The Italian ambassador to Tripoli met late Friday with the Libyan interior minister "who expressed the condemnation of his government for the acts of violence occurring in Benghazi," the Italian Foreign Ministry said.
In Pakistan, the cleric Mohammed Yousaf Qureshi said the mosque and the religious school he leads would give a $25,000 reward and a car for killing the cartoonist who drew the caricatures — considered blasphemous by many Muslims. He said a local jewelers' association would also give $1 million, but no representative of the association was available to confirm the offer.
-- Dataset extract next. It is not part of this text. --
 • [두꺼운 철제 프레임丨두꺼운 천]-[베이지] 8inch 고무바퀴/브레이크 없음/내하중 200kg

"This is a unanimous decision of by all imams of Islam that whoever insults the prophets deserves to be killed and whoever will take this insulting man to his end, will get this prize," he said.
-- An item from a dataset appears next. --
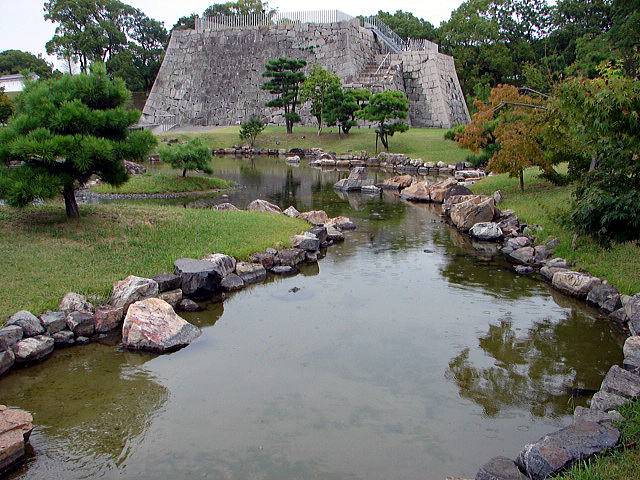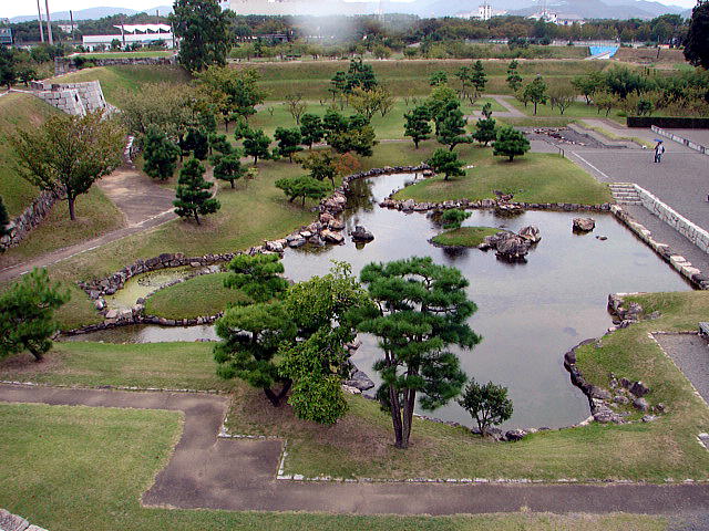 本丸庭園と天守台本丸庭園の大池泉越しに見た天守台。庭園は地中に埋没していたが発掘調査によって発見された。現在は修復整備がなされ、往時の庭園風景が再現されている。 |

Qureshi did not name any cartoonist and he did not appear aware that 12 different people had drawn the pictures.
A Danish newspaper, Jyllands-Posten, first printed the caricatures in September. The newspaper has since apologized to Muslims for the cartoons, one of which shows Muhammad wearing a bomb-shaped turban. Other Western newspapers, mostly in Europe, have reprinted the pictures, asserting their news value and the right to freedom of expression.
In Denmark, a spokesman for Jyllands-Posten declined comment on the bounty offer. But Mogens Blicher Bjerregaard, president of the Danish Journalist Union and spokesman for the cartoonists, condemned it.
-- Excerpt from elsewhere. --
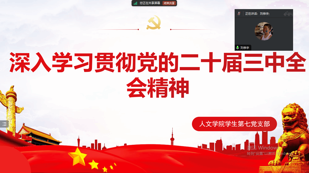 中国共产党第二十届中央委员会第三次全体会议(以下简称为党的二十届三中全会)于2024年7月15日至18日在北京召开。为深入学习贯彻此次全会精神,2024年8月6日晚,樱花小说 学生第七党支部在线上开展了以“深入学习贯彻党的二十届三中全会精神”为主题的党日活动。会议由党支部书记刘恭宇老师主持。

"It is totally absurd what is happening. The cartoonists just did their job and they did nothing illegal," he said.
He said the cartoonists — who have been living under police protection since last year — are aware of the reward and are "feeling bad about the whole situation."
Pakistani intelligence officials have said scores of members of radical and militant Islamic groups have incited violence in a bid to undermine President Gen. Pervez Musharraf's government, a close ally of the United States.
On Friday, police confined the leader of the militant group Jamaat al-Dawat, Hafiz Mohammed Saeed, to his home to stop him from addressing supporters, his spokesman Yahya Mujahid said. A senior police official in Lahore confirmed Saeed's detention and said the government had ordered police to restrict the movement of religious leaders who might address rallies and to round up religious activists "who could be any threat to law and order."
The official spoke on condition of anonymity because of the sensitivity of the matter.
In Islamabad, visiting former President Bill Clinton criticized the cartoons but said Muslims wasted an opportunity to build better ties with the West by holding violent protests.
"I can tell you, most people in the United States deeply respect Islam ... and most people in Europe do," he said.
Denmark, meanwhile, said it had temporarily closed its embassy in Pakistan and urged Danes to leave the country. Last week, Denmark temporarily shut its embassies in Lebanon, Syria, Iran and Indonesia.
Before Friday, a total of 19 people had died in protests over the caricatures, with the deadliest day being Feb. 8, when police in Afghanistan shot and killed four protesters outside the U.S. military base in the southern city of Qalat.